= Activity =
Look at the data below and print exactly the lines from its first line through the line with "破位中枢B支撑 → 持续趋势跟踪"; the pictures stay out of the copy.

======== The input

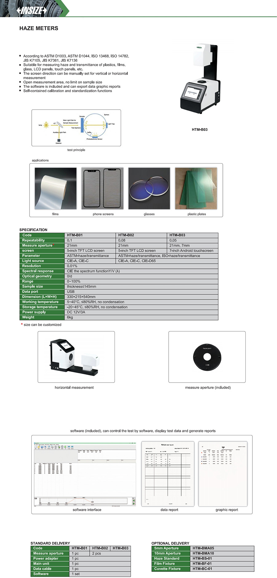 HTM-B03 ASTM-haze/transmittance, ISO-haze/transmittance CIE-A, CIE-C, CIE-D65 21mm, 7mm
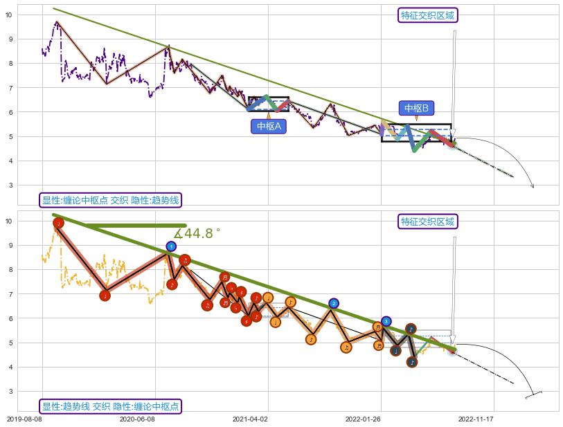 ➣ 缠论中枢点:猜想破位中枢B后持续下拉 → 下跌 → 破位中枢B支撑 → 持续趋势跟踪
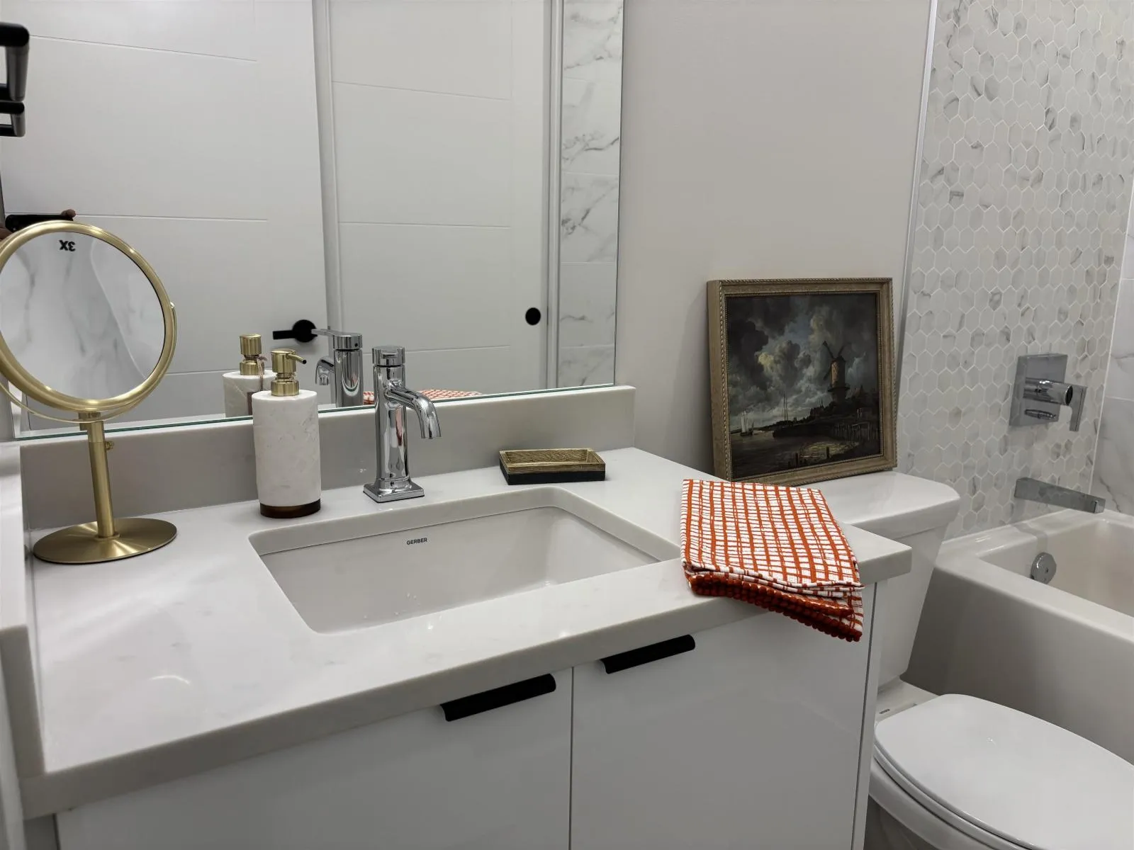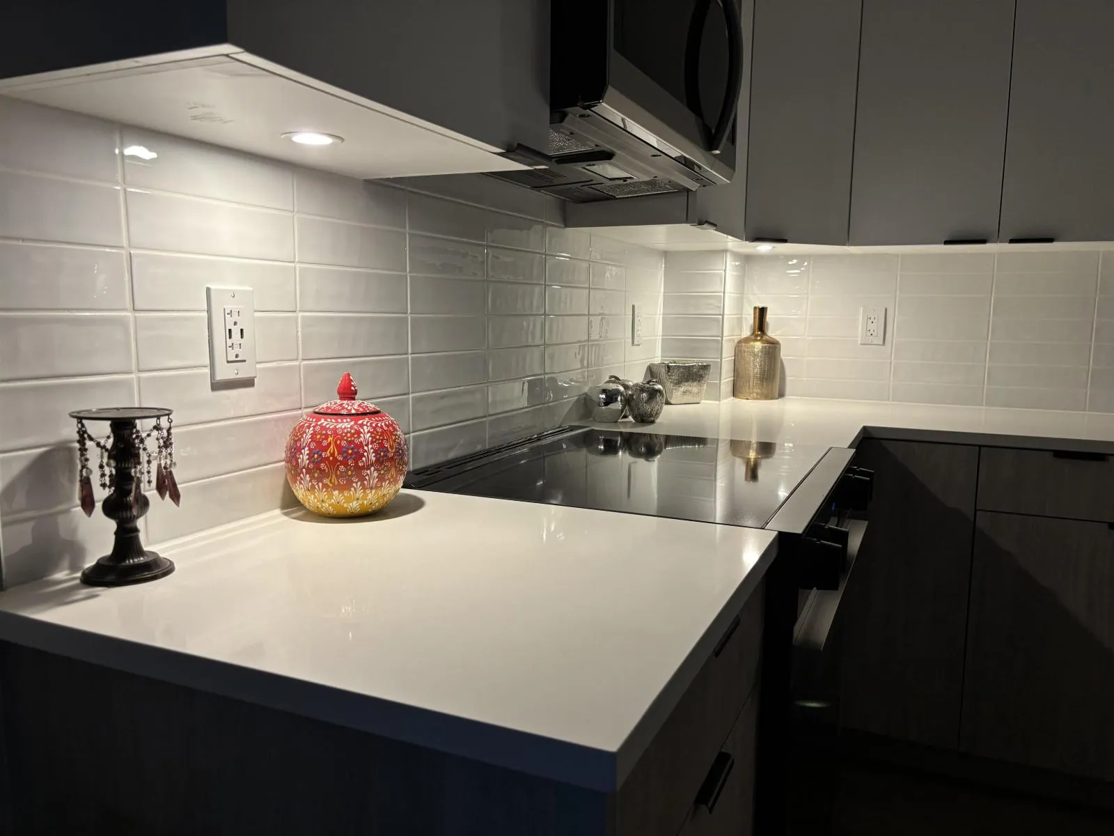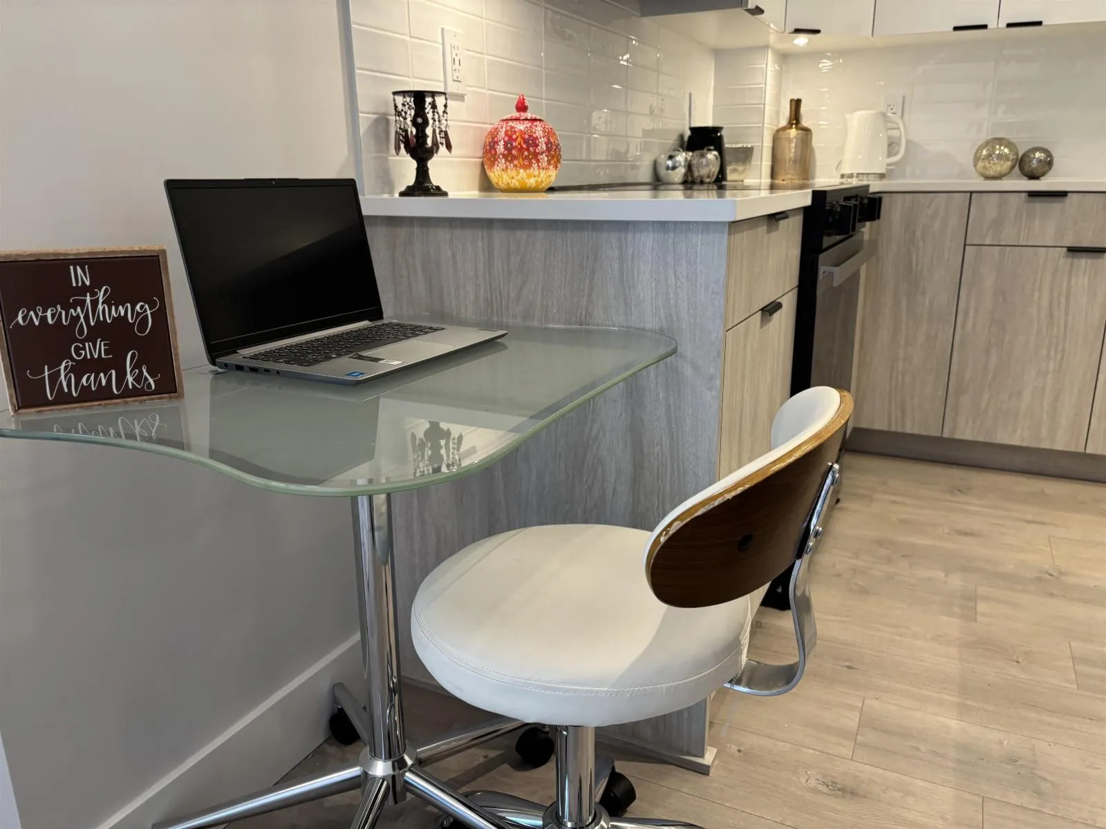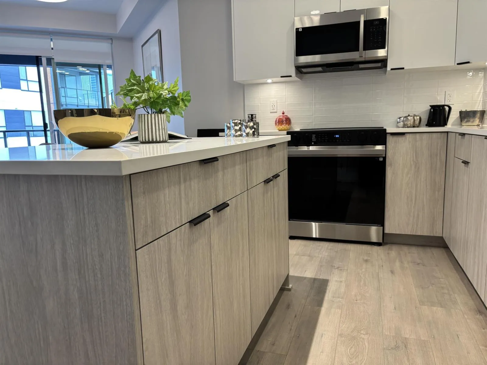 Galilea! HIGH Floor level MOVE in READY 02 BED unit 650 plus sq ft. Facing courtyard LARGE Balcony WALK TO SKYTRAIN. Designed with distinctive style, offers an exemplary collection of residencies. Located just South of Surrey Central, Galilea is minutes away from the city's shopping, entertainment, universities, and parks. A quiet residential neighborhood with central city vibes is right outside your door giving you the best of both worlds in this dynamic community. Impressive Kitchen with quartz stone countertops, crisp backsplashes, polished chrome fixtures, and stainless steel appliances coming together to create a stylish 9 foot ceilings, extra wide windows, as well as modern and textured laminate throughout. (id:27476)
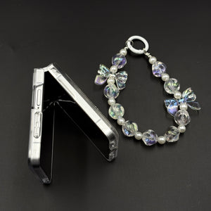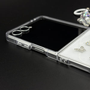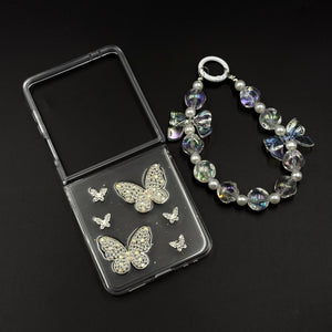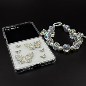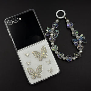 Butterfly Case with Rhinestone Crystals & Beaded Charm Strap for Samsung Galaxy Z Flip 7 | Luxury Transparent Cover
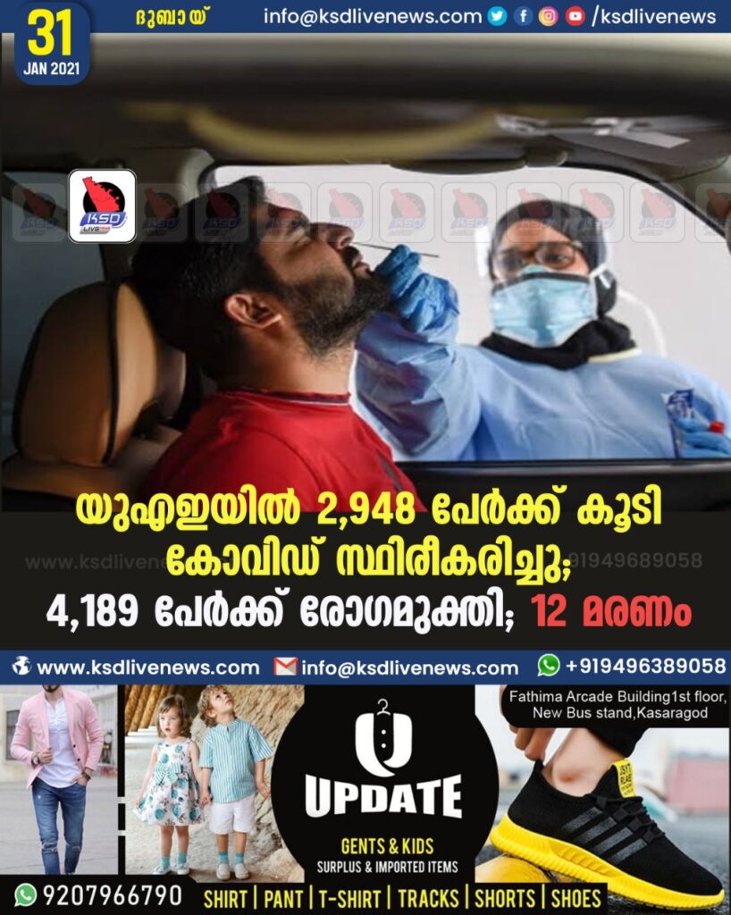 യുഎഇയില് 2,948 പേര്ക്ക് കൂടി കോവിഡ് സ്ഥിരീകരിച്ചു; 4,189 പേർക്ക് രോഗമുക്തി; 12 മരണം
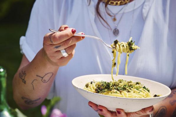Magazine Magazine Pâtes alla Sophia Sophia Loren: "Voici comment je prépare une sauce inspirée du pesto, mais toute différente. C'est vraiment ma propre invention, et mes amis la trouvent délicieuse. J'espère qu'ils ne disent pas ça pour me faire plaisir, mais je ne pense pas, car ils se resservent toujours copieusement."
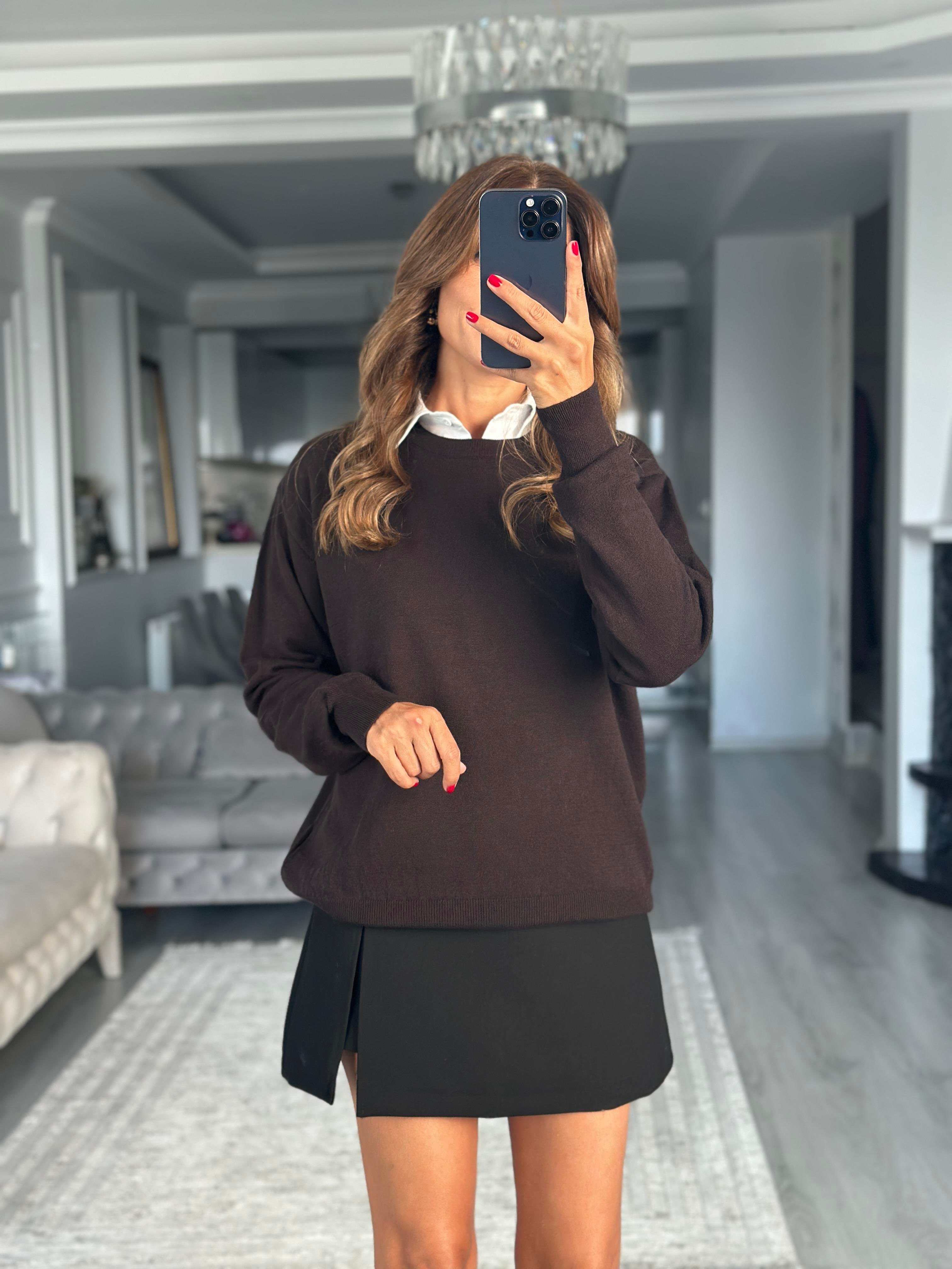Kahverengi Bisiklet Yaka Yünlü Basic Kadın Triko Kazak (FOR5218)

================

= Exercise result =
 HTM-B03 ASTM-haze/transmittance, ISO-haze/transmittance CIE-A, CIE-C, CIE-D65 21mm, 7mm
 ➣ 缠论中枢点:猜想破位中枢B后持续下拉 → 下跌 → 破位中枢B支撑 → 持续趋势跟踪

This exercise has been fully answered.